Study objective: To estimate the degree of agreement between 3-dimensional sonohysterography (3D-SHG) and vaginoscopic hysteroscopy (VH) in detection of uterine cavity abnormalities in patients with recurrent implantation failure in in vitro fertilization cycles.
Design: Comparative observational cross-sectional study (Canadian Task Force classification II-1).
Setting: Private assisted-conception unit.
Patients: One hundred forty-three patients with a history of at least 2 previous implantation failures despite transfer of good quality embryos in assisted-conception cycles.
Interventions: 3D-SHG was followed by VH. The Cohen κ for interrater agreement was calculated for the level of agreement between the 2 diagnostic procedures. Procedure time in seconds was recorded for both procedures. Patients were asked to rate their degree of discomfort or pain during both procedures using a visual analog scale.
Measurements and main results: There was a substantial degree of concordance between 3D-SHG and VH (κ = 0.77; 95% confidence interval, 0.6-0.84). The median procedure time for 3D-SHG was 296 seconds (range, 231-327 seconds), and for VH was 315 seconds (range, 232-361 seconds), and the difference was statistically significant (p =.02).

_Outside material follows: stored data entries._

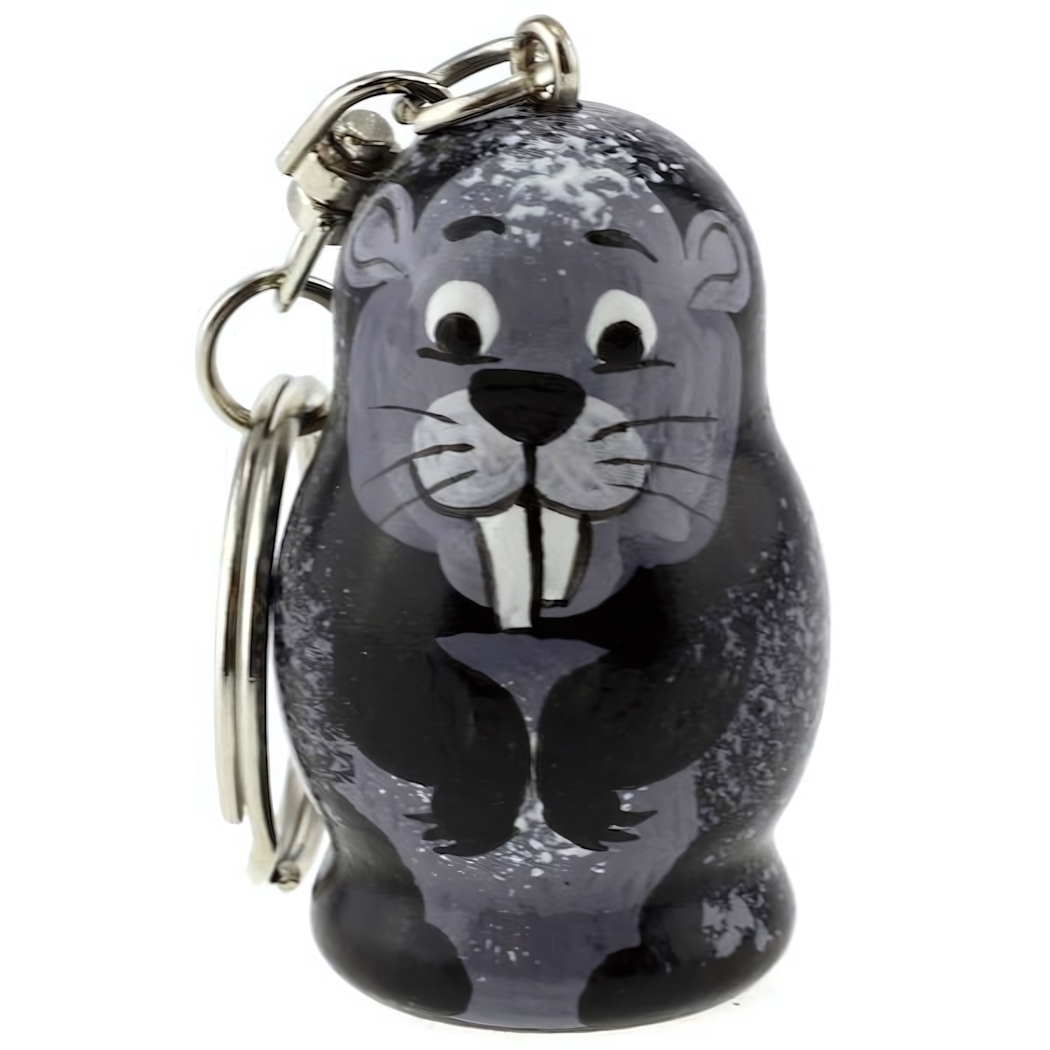 Брелок "Бобер" пластиковый, игривый дизайн, серый с черно-белыми деталями, металлическое кольцо
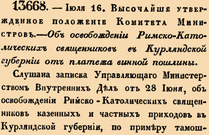 13668. 1840 год. 28 июля (16 июля ст.ст.) Высочайше утвержденное положение Комитета Министров. Об освобождении Римско-Католических священников в Курляндской губернии от платежа винной пошлины.Слушана записка Управляющаго Министерством Внутренних Дел от 28 Июня, об освобождении Римско-Католических священников казенных и частных приходов в Курляндской губернии, по примеру тамошних Евангелическо-Лютеранских проповедников, от платежа винной пошлины, с воспрещением им заниматься винокурением и продажею пива <…>
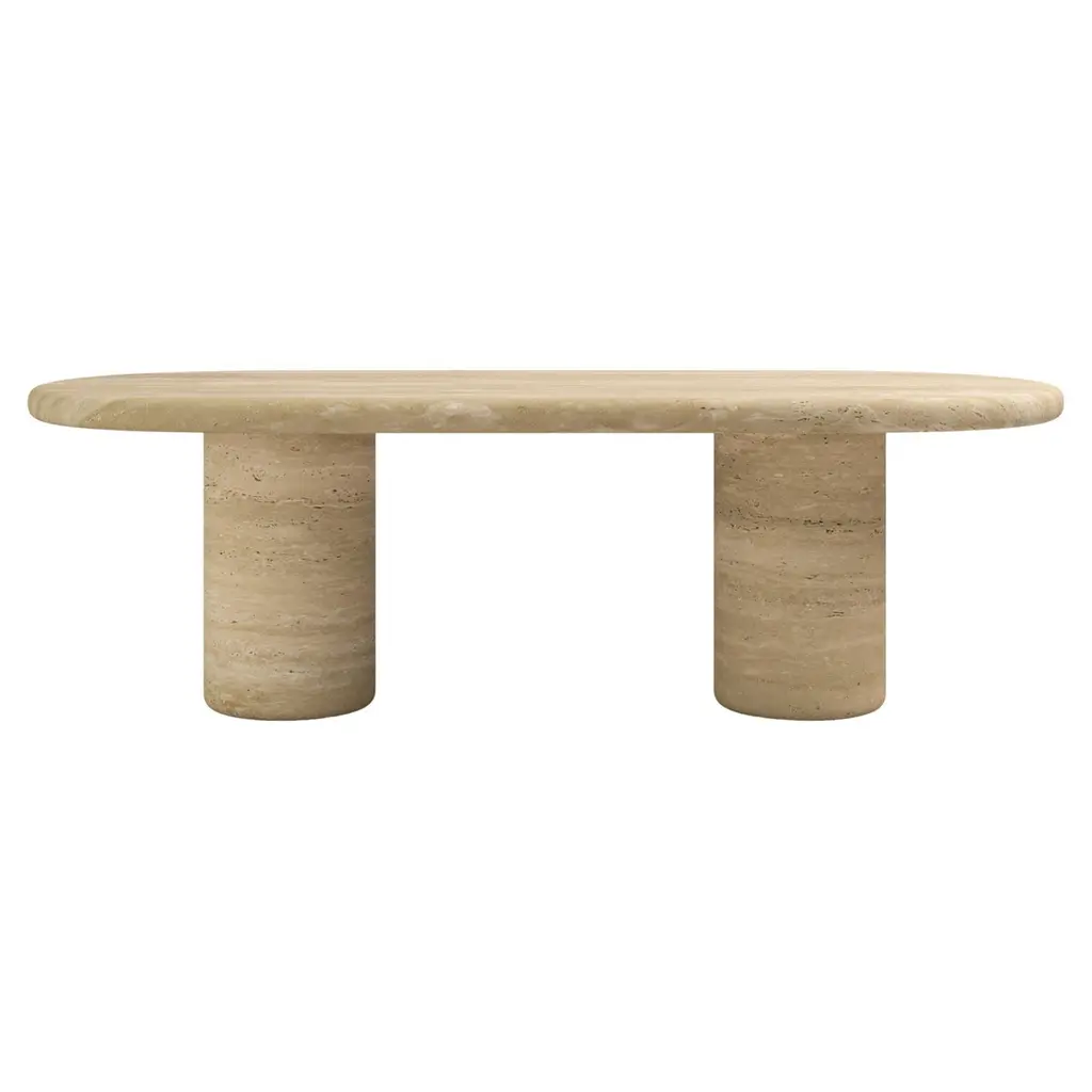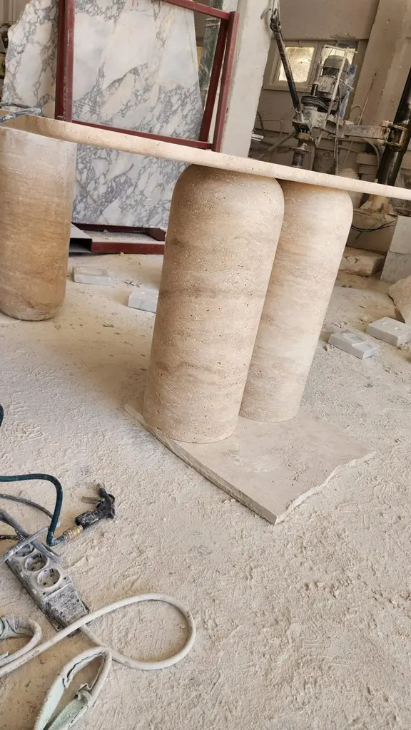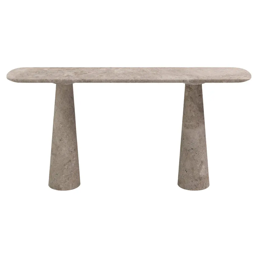 Made from high-quality travertine. This console can be customised in your requested dimensions. 2 x dome-topped pedestals are an sculpture in themselves. Rounded-edge tops appear to push the limits of gravity in a sculptural balancing act. MY HABITAT DESIGN is an interior design studio based in Amsterdam. This table collection came to life after designer/founder found that sourcing the perfect size/finish/style vintage pieces for her clients and projects was becoming increasingly tricky.. and often over budget. Getting it ‘just right’ often felt like a miracle, so she set out to create a collection of tables that still upheld the solid forms and sculptural shapes she was always hunting for.MY HABITAT DESIGN works closely with local stone artisans to create a collection of stone tables combining traditional techniques and a rare way of working with solid stone. Console shown here in a half filled / half unfilled travertine. Size: 148x38xH78cm

The visual analog scale pain scores also showed that 3D-SHG, with a median pain score of 2.1 (range, 1-3) was better tolerated than VH, with a median pain score of 2.9 (range, 2-4) (p < .001).
Conclusion: Our results show that there is a substantial degree of concordance between 3D-SHG and VH in diagnosing uterine cavity anomalies. We also found that 3D-SHG took significantly less time and induced less patient discomfort than did VH. We recommend that 3D-SHG should be the method of first choice for outpatient evaluation of the uterine cavity.